Hedge fund sells 19 million shares of Procter & Gamble (USAToday)
Hedge fund manager Bill Ackman has sold two-thirds of his stake in Cincinnati-based The Procter & Gamble Company (NYSE:PG) – cutting his share in the company that he pressured to cut costs and replace its CEO.But in another financial move, Ackman purchased the right to buy shares in the future that could make him an even bigger The Procter & Gamble Company (NYSE:PG) investor than before. …Ackman’s firm retains 8.9 million shares worth $723 million. Pershing Square is now The Procter & Gamble Company (NYSE:PG)’s 30th-largest investor, with a 0.33 percent stake, down from No. 10 with a 1 percent stake, according to Bloomberg.
Steinway sale to hedge fund confirmed (CityIndex)

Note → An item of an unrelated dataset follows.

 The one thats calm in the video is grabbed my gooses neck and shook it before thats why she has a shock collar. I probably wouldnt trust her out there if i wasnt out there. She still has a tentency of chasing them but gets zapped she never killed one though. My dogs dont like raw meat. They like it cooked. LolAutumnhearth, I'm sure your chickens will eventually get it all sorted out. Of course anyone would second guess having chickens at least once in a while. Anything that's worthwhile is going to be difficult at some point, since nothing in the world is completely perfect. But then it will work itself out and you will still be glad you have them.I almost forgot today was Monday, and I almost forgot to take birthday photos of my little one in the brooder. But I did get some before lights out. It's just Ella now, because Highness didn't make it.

The sale of Steinway Musical Instruments Inc (NYSE:LVB) has been confirmed, after a deal that values the firm at $512 million (£330 million) was agreed with a hedge fund. Paulson & Co made a larger offer than a previous bid that had been made by rival firm Kohlberg & Co, which says it will not be looking to increase its own offer. Shares in Steinway Musical Instruments Inc (NYSE:LVB) rose by around six per cent on the back of the news of the sale, pushing its stocks close to the sale price agreed with the hedge fund. Sales were up by only two per cent for the piano manufacturer last year, so the new owner will need to find a way to turn the business around in the coming months and years.
Gold Bull Paulson Cuts SPDR Stake by Half Amid Bear Market (BusinessWeek)

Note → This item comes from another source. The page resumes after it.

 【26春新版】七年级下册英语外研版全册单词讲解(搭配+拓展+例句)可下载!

Billionaire hedge fund manager John Paulson, who told investors as recently as last month that they should own gold, cut his holdings in the metal by more than half as prices plunged into a bear market. Paulson & Co., the largest investor in the SPDR Gold Trust (ETF) (NYSEARCA:GLD), the biggest exchange-traded product for the metal, pared its stake to 10.2 million shares in the three months ended June 30 from 21.8 million at the end of the first quarter, according to a government filing yesterday. The New York-based firm, which manages $18 billion, cut its ownership for the first time since 2011 “due to a reduced need for hedging,” according to an e-mailed response to questions. It also sold options to buy shares in Barrick Gold Corporation (USA) (NYSE:ABX) in the future, filings show.
SEC halts fraud by Ohio-based hedge fund manager (HedgeWeek)

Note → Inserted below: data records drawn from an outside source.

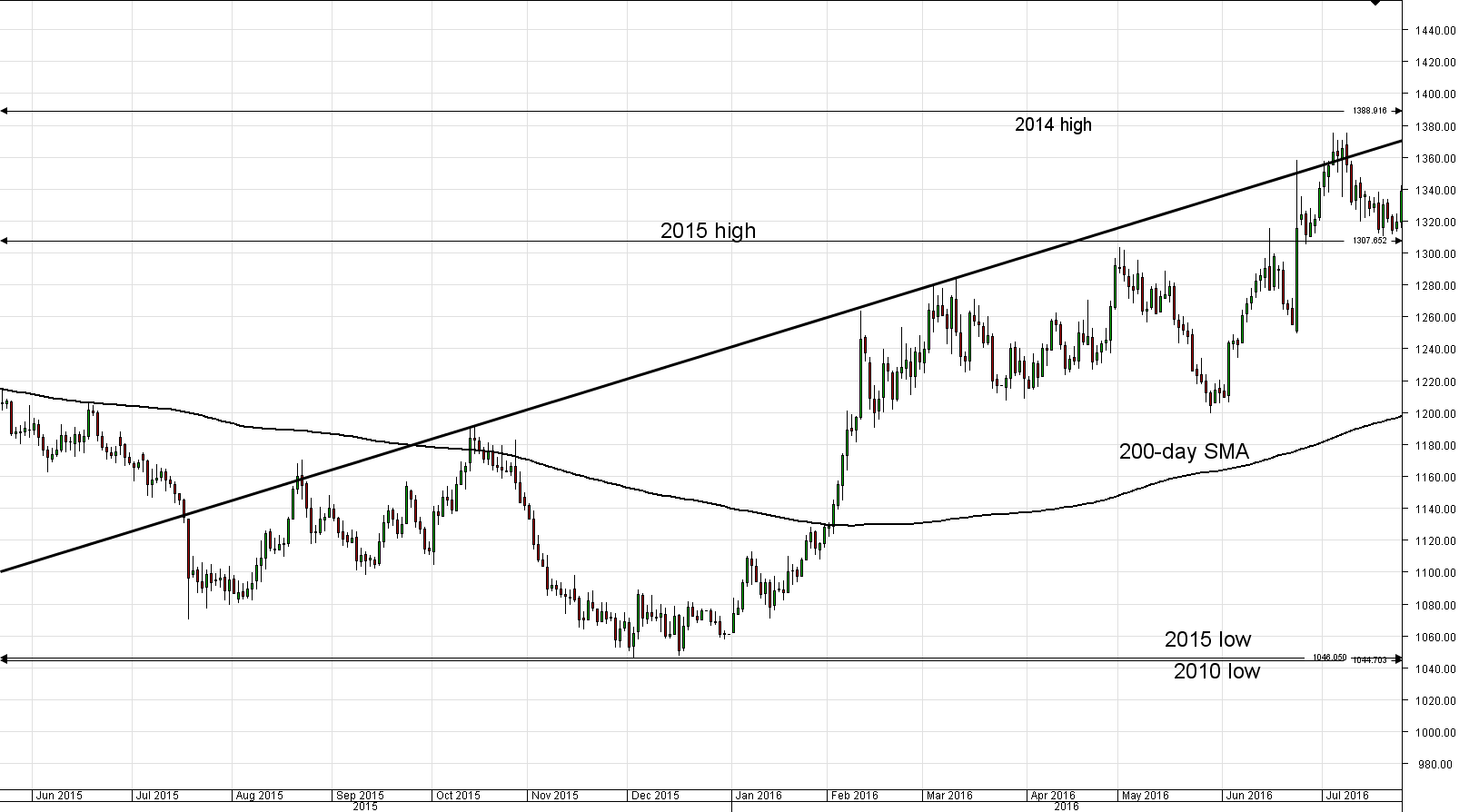 There is only one fundamental data release, which will affect the yellow metal on Thursday from the US, as its movement might be changed by data affecting the US Dollar. The US Initial Jobless Claims will be released at 12:30 GMT, and they are expected to be at 266,000. However, the post Brexit turmoil continues to plague the financial markets and drive market participants to safe currencies and gold. Most analysts expect that during today's Bank of England's meeting the BoE rate will be decreased to 0.25% from 0.5%.
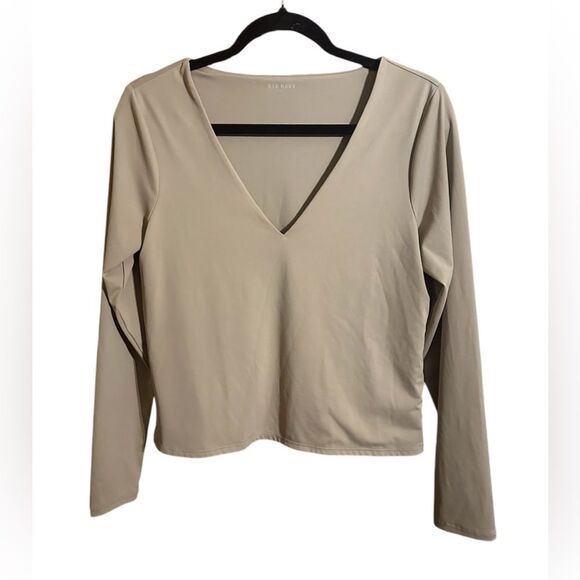 Old Navy Long Sleeve V-Neck Cropped Top Pullover Beige Layer Women's Size L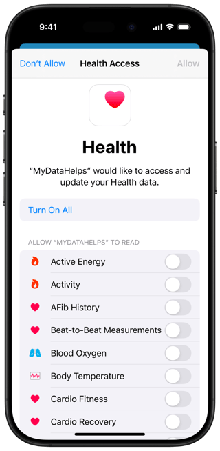 On iOS devices, MyDataHelps can collect data from Apple Health. Apple Health supports a number of different data types: activity, vital signs, sleep analysis, body measurements, clinical records, nutrition, and more.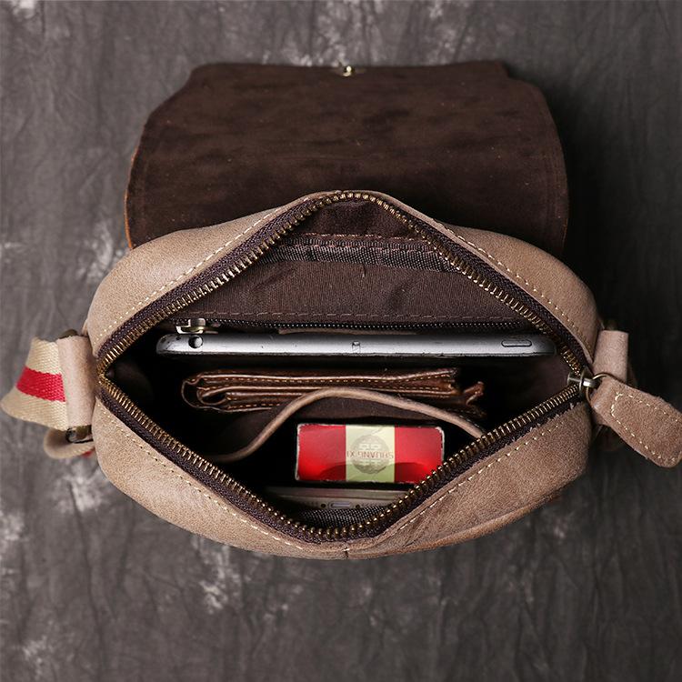 Style: Simple Khaki Brown LEATHER Mens Vertical SIDE BAG COURIER BAG Vertical MESSENGER BAG FOR MEN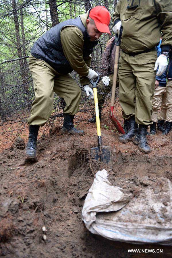 Russian team members search for remains of Soviet Union soldiers on the Huoshao Mountain in Muling City, northeast China's Heilongjiang Province, May 12, 2015. A one-month-long China-Russia search began Tuesday to locate the remains of Soviet Union soldiers who died in China fighting Japanese invaders in 1945. A 17-member Russian team, along with a group of Chinese archaeologists, are involved in the dig. (Xinhua/Wang Kai)
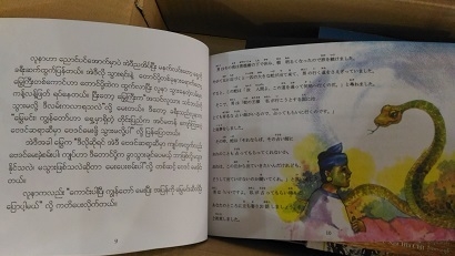 たとえばこちらの本は、ミャンマー語と英語が併記されています。最初はミャンマー語で、高学年になったら英語にチャレンジすることもできます。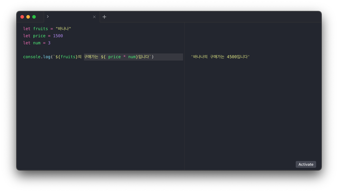 ES6에 새롭게 생긴 문자열 표기법이다 문자열을 감쌀 때 '(작은따옴표) 나 "(큰따옴표)를 사용하지 않고 `` (백 틱)으로 전체를 감싸서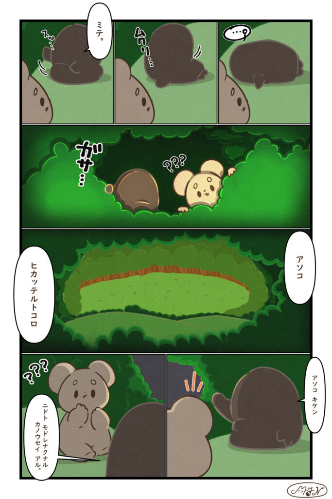 「ウサノ」シリーズ 前回のお話 今回のお話 第94話 あの音は― 「また会おう」そんな約束をした二人。しかし、例の鐘の音が響き渡る。 第95話 イソイデ! 夜の森、遠くで鳴る鐘の音。 よく分かっていないウサノの手を、 キミ」は強く引いて走り出す。 おまけ 実は崖でした 次回のお話 以下のサイトで漫画を公開中です! MYN(マイン)Officialブログ以外に、以下のサイトで漫画を公開しております。 使い慣れたwebサイトを使って、MYN(マイン)の漫画をお楽しみください! ニコニコ漫画 制作・監修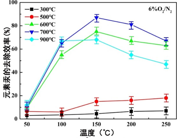 對于活性炭吸附煙氣中的元素汞。除汞測試表明,熱解溫度為700°C時,活性炭的除汞效率為86%。氧氣的存在促進了元素汞的去除。當(dāng)熱解溫度升至900°C時,活性炭趨于團聚,導(dǎo)致結(jié)晶相粒徑急劇增加,從而抑制了元素汞的去除。但在更高的熱解溫度下會增加;钚蕴康腂ET表面非常差,當(dāng)熱解溫度不高于500°C時,幾乎不會產(chǎn)生鈷元素,導(dǎo)致除汞效率低。無論如何,活性炭可以用于吸附去除元素汞,而不是通過化學(xué)改性添加鈷,從而可以在燃煤煙氣中去除汞。

The Securities and Exchange Commission has filed an emergency action charging Anthony J Davian and his Richfield, Ohio-based asset management firm with defrauding investors in hedge funds they manage. A federal district court granted the SEC’s motion for emergency relief, halting the fraud. The SEC alleges that since 2011 Davian, a 34-year old resident of Copley, Ohio, has raised more than USD1.5m from investors by promoting Davian Capital Advisors as a highly successful investment management firm that manages a portfolio of profitable hedge funds.